Wij begrijpen niet dat de staatssecretaris het maximum uurtarief voor het komende jaar niet aanpast. Vanzelfsprekend zullen we bij onze leden nagaan wat de (kosten)effecten van de invoering van de nieuwe bkr zijn. Mocht blijken dat deze inderdaad zullen stijgen zoals wij nu voorzien, dan verwachten wij dat de staatssecretaris zich zal inspannen om dit te compenseren voor houders en ouders. De BMK zal de politiek vragen om te onderzoeken wat de mogelijkheden van een apart babytarief zijn. Wij hechten aan een open uitwisseling en gesprek hierover met het ministerie en andere partijen.

Toelichting

  • Het SEO-onderzoek gaat uit van een steekproef van 2-dagdelen uit de hele week. In tegenstelling tot het onderzoek van Buitenhek dat alle 10 de dagdelen heeft onderzocht.

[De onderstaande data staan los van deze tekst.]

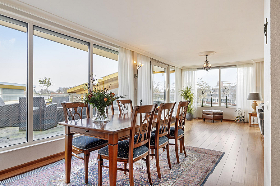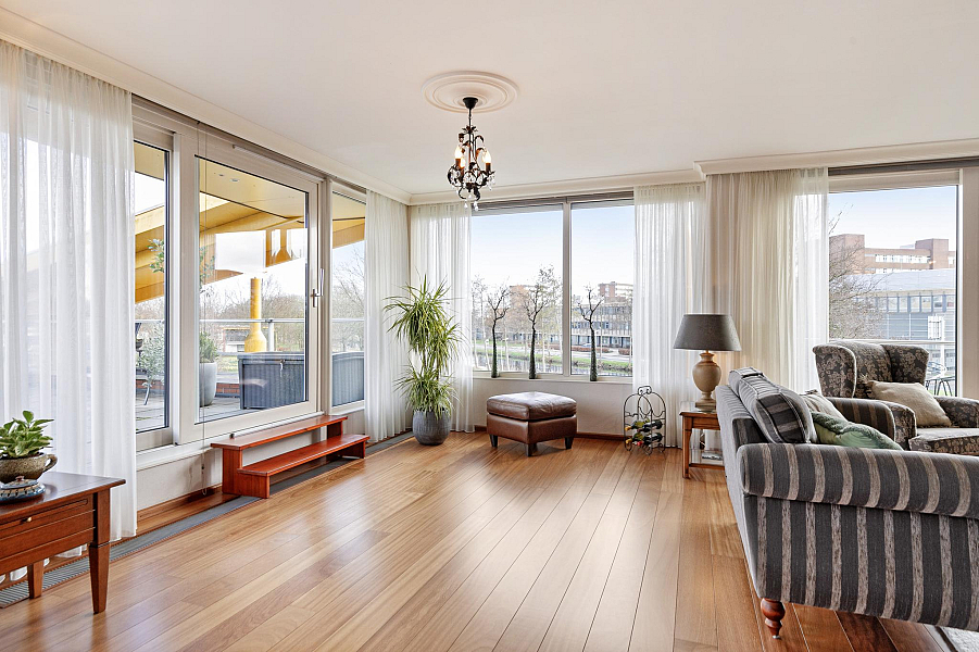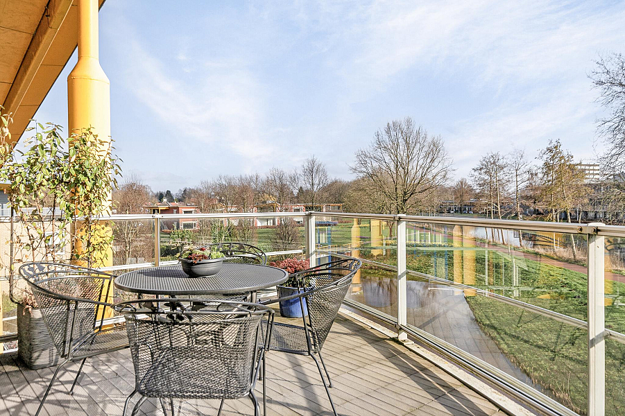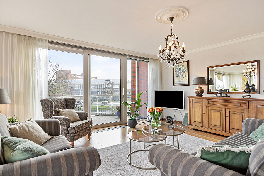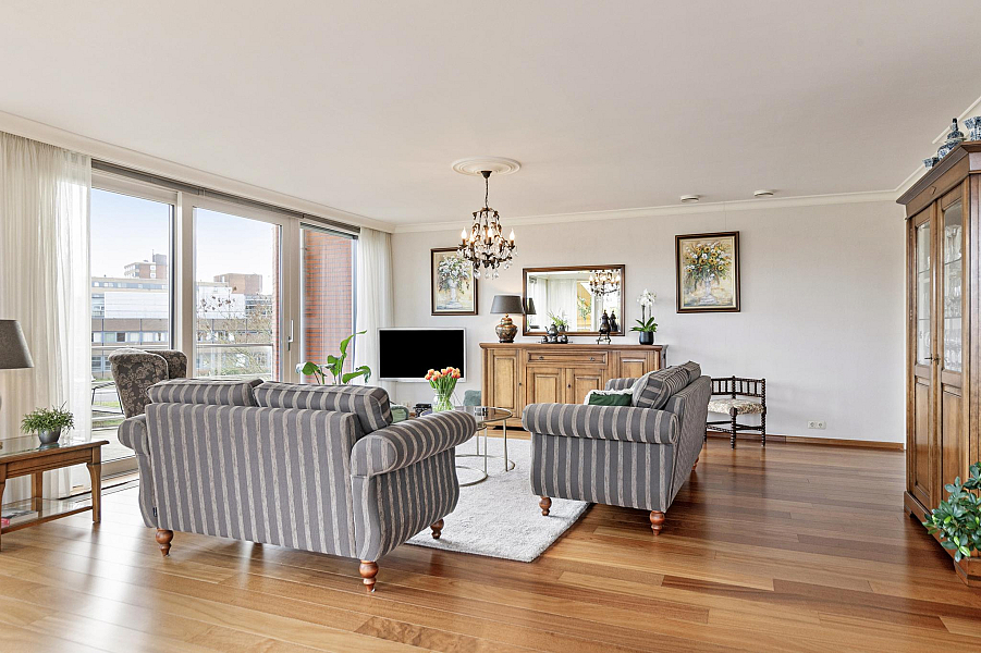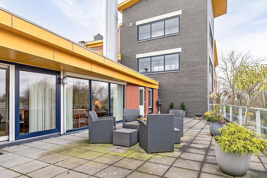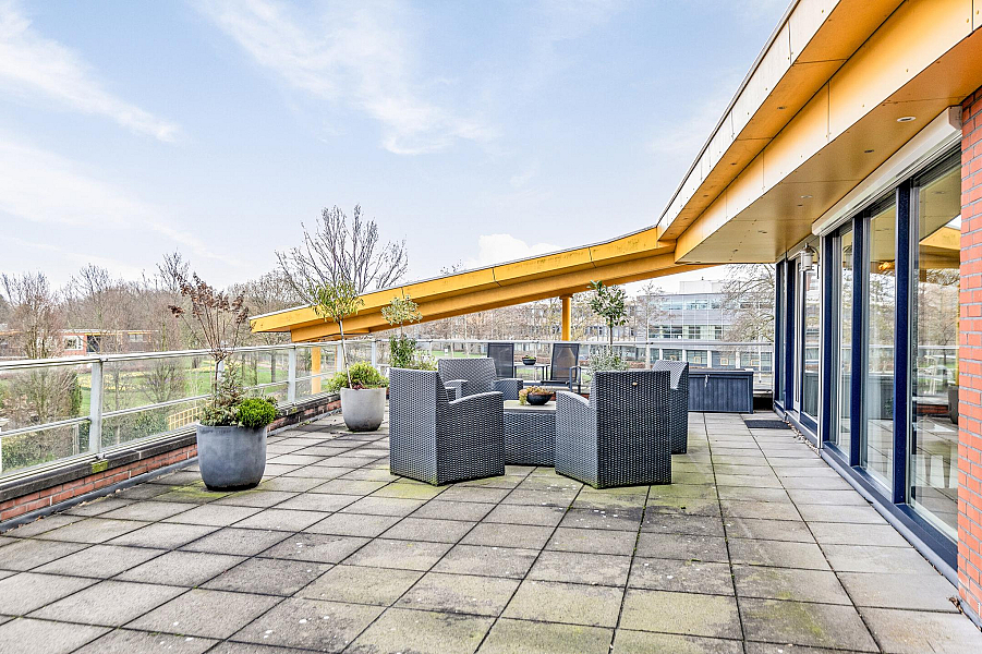 APPARTEMENT: Entree naar royale hal/gang, toiletruimte met hangend toilet en fontein, speelse living van ca. 47 m2 met veel lichtinval met toegang naar het balkon aan de voorzijde, alsmede toegang naar het riante dakterras op het zuidwesten met een vrij uitzicht over het naastgelegen park. De open woonkeuken van ca. 18m2 is voorzien van inbouwapparatuur (o.a. 4-pits gaskookplaat, afzuigkap, combi-oven, vaatwasser en koelkast). Vanuit de hal is de separate provisieruimte bereikbaar, alsmede de praktische bijkeuken/berging met opstelplaats voor wasmachine, wtw en cv-ketel (Remeha, bouwjaar 2013).

  • En ook zijn de door SEO berekende kosteneffecten niet gebaseerd op de daadwerkelijke groepsopbouw maar op een groepsopbouw die middels een rekenmodel is geoptimaliseerd.
  • Tenslotte is het kosteneffect afhankelijk van de leeftijdsopbouw per groep op een bepaald moment. Hierdoor hebben grotere aanbieders de mogelijkheid de lage en hoge kosteneffecten van verschillende locaties te middelen in tegenstelling tot kleinere organisaties die in sommige perioden hele hoge of hele lage kosteneffecten krijgen.